Ambedkar’s grandson Prakash Ambedkar of the RPI agrees. “In a country that swears by prophesies, Babasaheb’s words on mixing religion, caste and society are almost prophetic and it is easy to make him a prophet. It is also easy to build a mythology around him.” He cautions against deification and says it’s much tougher to follow the philosophy of a man based on rigorous intellectual introspection. “When she was CM, Mayawati found nothing wrong in the textbooks. But when the Parliament debate took place, she was the first to demand that the book’s authors be jailed. How ironical. She spent her time building parks and statues.”
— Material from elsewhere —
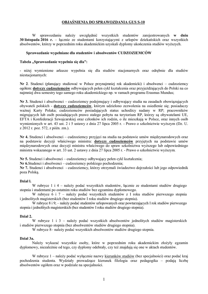 OBJAŚNIENIA DO SPRAWOZDANIA GUS S-10 W sprawozdaniu należy uwzględnić wszystkich studentów zarejestrowanych w dniu 30 listopada 2016 r. – łącznie ze studentami korzystającymi z urlopów dziekańskich oraz wszystkich absolwentów, którzy w poprzednim roku akademickim uzyskali dyplomy ukończenia studiów wyższych. Sprawozdanie wypełniane dla studentów i absolwentów CUDZOZIEMCÓW Tabela „Sprawozdanie wypełnia się dla”: - niżej wymienione arkusze wypełnia się dla studiów stacjonarnych oraz odrębnie dla studiów niestacjonarnych: Nr 2. Studenci (planujący studiować w Polsce przynajmniej rok akademicki) i absolwenci – cudzoziemcy ogółem: dotyczy cudzoziemców odbywających pełen cykl kształcenia oraz przyjeżdżających do Polski na co najmniej dwa semestry tego samego roku akademickiego np. w ramach programu Erasmus Mundus; Nr 3. Studenci i absolwenci – cudzoziemcy podejmujący i odbywający studia na zasadach obowiązujących obywateli polskich - dotyczy cudzoziemców, którym udzielono zezwolenia na osiedlenie się; posiadaczy ważnej Karty Polaka; cudzoziemców posiadających status uchodźcy nadany w RP; pracowników migrujących lub osób posiadających prawo stałego pobytu na terytorium RP, którzy są obywatelami UE, EFTA i Konfederacji Szwajcarskiej oraz członków ich rodzin, o ile mieszkają w Polsce, oraz innych osób wymienionych w art. 43 ust. 2 i 5 ustawy z dnia 27 lipca 2005 r. - Prawo o szkolnictwie wyższym (Dz. U. z 2012 r. poz. 572, z późn. zm.). Nr 4. Studenci i absolwenci – cudzoziemcy przyjęci na studia na podstawie umów międzynarodowych oraz na podstawie decyzji właściwego ministra: dotyczy cudzoziemców przyjętych na podstawie umów międzynarodowych oraz decyzji ministra właściwego do spraw szkolnictwa wyższego lub odpowiedniego ministra wskazanego w art. 33 ust. 2 ustawy z dnia 27 lipca 2005 r. - Prawo o szkolnictwie wyższym. Nr 5. Studenci i absolwenci – cudzoziemcy odbywający pełen cykl kształcenia; Nr 6.Studenci i absolwenci – cudzoziemcy polskiego pochodzenia; Nr 7. Studenci i absolwenci - cudzoziemcy, którzy otrzymali świadectwo dojrzałości lub jego odpowiednik poza Polską. Dział l. W rubryce 1 i 4 – należy podać wszystkich studentów, łącznie ze studentami studiów drugiego stopnia i studentami po ostatnim roku studiów bez egzaminu dyplomowego. W rubryce 6 i 7 – należy podać wszystkich studentów z I roku studiów pierwszego stopnia i jednolitych magisterskich (bez studentów I roku studiów drugiego stopnia). W rubryce 8 i 9; – należy podać studentów urlopowanych oraz powtarzających I rok studiów pierwszego stopnia i jednolitych magisterskich (bez studentów I roku studiów drugiego stopnia). Dział 2. W rubryce 1 i 3 – należy podać wszystkich absolwentów jednolitych studiów magisterskich i studiów pierwszego stopnia (bez absolwentów studiów drugiego stopnia). W rubryce 8– należy podać wszystkich absolwentów studiów drugiego stopnia. Dział 3a. Należy wykazać wszystkie osoby, które w poprzednim roku akademickim złożyły egzamin dyplomowy, niezależnie od tego, czy dyplomy odebrały, czy też znajdują się one w aktach studentów. W rubryce 1 – należy podać wyłącznie nazwy kierunków studiów (bez specjalności) oraz podać kraj pochodzenia studenta. Wydziały prowadzące kierunek filologia oraz pedagogika – podają liczbę absolwentów ogółem oraz w podziale na specjalności. 1 W rubryce 3 i 4 - należy podać tylko absolwentów studiów pierwszego stopnia i jednolitych studiów magisterskich (bez absolwentów studiów drugiego stopnia wykazanych w rubryce 11 i 12). W rubryce 11 i 12 - należy podać liczbę absolwentów studiów drugiego stopnia, tj. osób, które w poprzednim okresie ukończyły studia pierwszego stopnia i obecnie ukończyły studia drugiego stopnia. Dział 4a. W rubryce 1 – należy podać wyłącznie nazwy kierunków studiów (bez specjalności) oraz podać kraj pochodzenia studenta. W rubryce 2 - należy wpisać "m" dla studiów magisterskich (studia drugiego stopnia i jednolite magisterskie), "l" dla studiów pierwszego stopnia kończących się uzyskaniem tytułu licencjata, a w rubryce 3 cyfrę oznaczającą czas trwania studiów, np. studia magisterskie o 5-letnim cyklu kształcenia oznacza się symbolem "m-5". Kierunek lekarski należy wykazać jako studia magisterskie i w rubryce 3 oznaczyć: lekarski - "m-6". W przypadku studiów pomostowych należy podać rzeczywisty czas trwania studiów. W rubryce 4 i 5 - należy podać liczbę studentów zarejestrowanych w dniu 30 listopada br., łącznie ze studentami korzystającymi z urlopów. W rubrykach 10 i 11 - należy podać studentów I roku studiów, którzy w roku sprawozdawczym korzystają z urlopu (studenckiego lub dziekańskiego) oraz studentów, którzy powtarzają I rok studiów. Różnica między rubrykami 8 i 10 oraz 9 i 11 stanowi liczbę studentów, którzy w roku sprawozdawczym zostali przyjęci na studia na UJ CM w ramach rekrutacji na I rok studiów. W rubryce 24 i 25 – należy podać studentów ostatniego roku studiów na studiach drugiego stopnia. W rubryce 26 i 27 - należy podać liczbę studentów, którzy w roku akademickim 2014/2015 zakończyli ostatni semestr studiów, lecz do dnia 30 listopada bieżącego roku sprawozdawczego nie złożyli egzaminu dyplomowego. Dział 5. i 6. Studentów niepełnosprawnych należy wykazać według głównego rodzaju niepełnosprawności. Studentów niepełnosprawnych studiujących na dwóch lub więcej kierunkach należy wykazać na każdym z tych kierunków oddzielnie we wszystkich rubrykach z wyjątkiem rubryki 3. Do Działu 5 (studenci niepełnosprawni) należy dołączyć imienną listę studentów wykazywanych w tej części wraz ze wskazaniem rodzaju niepełnosprawności. Wypełnia się na podstawie orzeczeń o stopniu niepełnosprawności wydanych na podstawie ustawy z dnia 27 sierpnia 1997 r. o rehabilitacji

This, then, is the question: Once granted iconic status, can Ambedkar be the subject of a critique—a cartoon even? Poet-writer Meena Kandasamy says, “There have been critical essays on Ambedkar no one takes offence to. It’s not criticism but the reinforcement of caste prejudices that surface from time to time that are problematic.” Wary of making Ambedkar a god, she argues he has the same importance Martin Luther King has for black Americans.
Strangely, the uproar over the cartoon has found no connect in the state of Punjab, where the 38 per cent Dalit population is largely unmoved by the happenings in Parliament. Here, Dalit politics follows its own trajectory. The last two or three years have been marked by a movement called ‘Mission Chamar’, more cultural than political, and aimed at inculcating pride in the Chamar caste with slogans like ‘Garv se kaho hum Chamar hain’. Its proponents do not see anything derogatory in the usage of words like Chamar and assert that it is time they shed the baggage of the past.
Says Paramjit Singh Kainth, president of the Chamar Mahan Sabha, which initiated the movement in the Doaba region of Punjab, comprising Jalandhar, Kapurthala and Hoshiarpur districts, “Most often these SCs and champions of Dalits who claim to be Ambedkar followers but are intolerant of any criticism—they are the real problem in our society today.” Dismissing the current wave of intolerance as complete humbug, Kainth says they don’t subscribe to it. Says S.L. Virdi, advocate and well-known Dalit writer, “I don’t see any merit in the present controversy, which seems an attempt to gain political mileage. They are clearly exploiting the name of Ambedkar but don’t have any intentions of following his teachings.”
The real fruits of Ambedkarism should mean anyone—and that means, inclusively, anyone—can engage in the democratic space without a sense of anxiety. Assertion can be quietly powerful. For, that’s exactly the way in which Ambedkar was more powerful than the Nehrus and the Gandhis.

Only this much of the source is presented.